▶ [Directions for this task] Would you reproduce, without any alteration, the lines from the opening line of the entries through the line that has "攀枝花树下,许多人正在捡拾成" in it?

[Saved entries]
# # # #

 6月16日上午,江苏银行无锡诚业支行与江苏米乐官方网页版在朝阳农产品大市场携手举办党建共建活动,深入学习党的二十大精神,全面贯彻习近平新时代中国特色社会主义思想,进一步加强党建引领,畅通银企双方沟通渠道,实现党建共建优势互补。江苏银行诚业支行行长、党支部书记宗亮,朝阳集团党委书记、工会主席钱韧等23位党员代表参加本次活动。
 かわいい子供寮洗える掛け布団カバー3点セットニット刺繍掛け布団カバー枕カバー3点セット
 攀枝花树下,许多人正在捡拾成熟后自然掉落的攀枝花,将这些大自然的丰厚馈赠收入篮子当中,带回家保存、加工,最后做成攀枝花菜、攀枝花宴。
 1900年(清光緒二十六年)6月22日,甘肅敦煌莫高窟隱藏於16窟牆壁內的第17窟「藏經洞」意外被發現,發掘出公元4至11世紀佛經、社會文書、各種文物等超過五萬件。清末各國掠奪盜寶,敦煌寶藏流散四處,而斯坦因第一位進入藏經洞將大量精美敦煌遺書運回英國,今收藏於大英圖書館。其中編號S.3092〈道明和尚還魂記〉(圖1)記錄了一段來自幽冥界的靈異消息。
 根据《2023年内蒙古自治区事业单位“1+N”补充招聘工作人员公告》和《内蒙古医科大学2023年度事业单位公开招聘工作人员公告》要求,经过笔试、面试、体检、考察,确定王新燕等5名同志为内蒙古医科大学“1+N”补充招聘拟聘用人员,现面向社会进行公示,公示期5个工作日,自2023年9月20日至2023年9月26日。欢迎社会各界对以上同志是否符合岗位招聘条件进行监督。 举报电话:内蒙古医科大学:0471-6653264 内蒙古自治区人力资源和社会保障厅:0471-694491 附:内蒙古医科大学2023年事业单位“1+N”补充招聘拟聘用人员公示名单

# # # #

▶ [Task output]
 6月16日上午,江苏银行无锡诚业支行与江苏米乐官方网页版在朝阳农产品大市场携手举办党建共建活动,深入学习党的二十大精神,全面贯彻习近平新时代中国特色社会主义思想,进一步加强党建引领,畅通银企双方沟通渠道,实现党建共建优势互补。江苏银行诚业支行行长、党支部书记宗亮,朝阳集团党委书记、工会主席钱韧等23位党员代表参加本次活动。
 かわいい子供寮洗える掛け布団カバー3点セットニット刺繍掛け布団カバー枕カバー3点セット
 攀枝花树下,许多人正在捡拾成熟后自然掉落的攀枝花,将这些大自然的丰厚馈赠收入篮子当中,带回家保存、加工,最后做成攀枝花菜、攀枝花宴。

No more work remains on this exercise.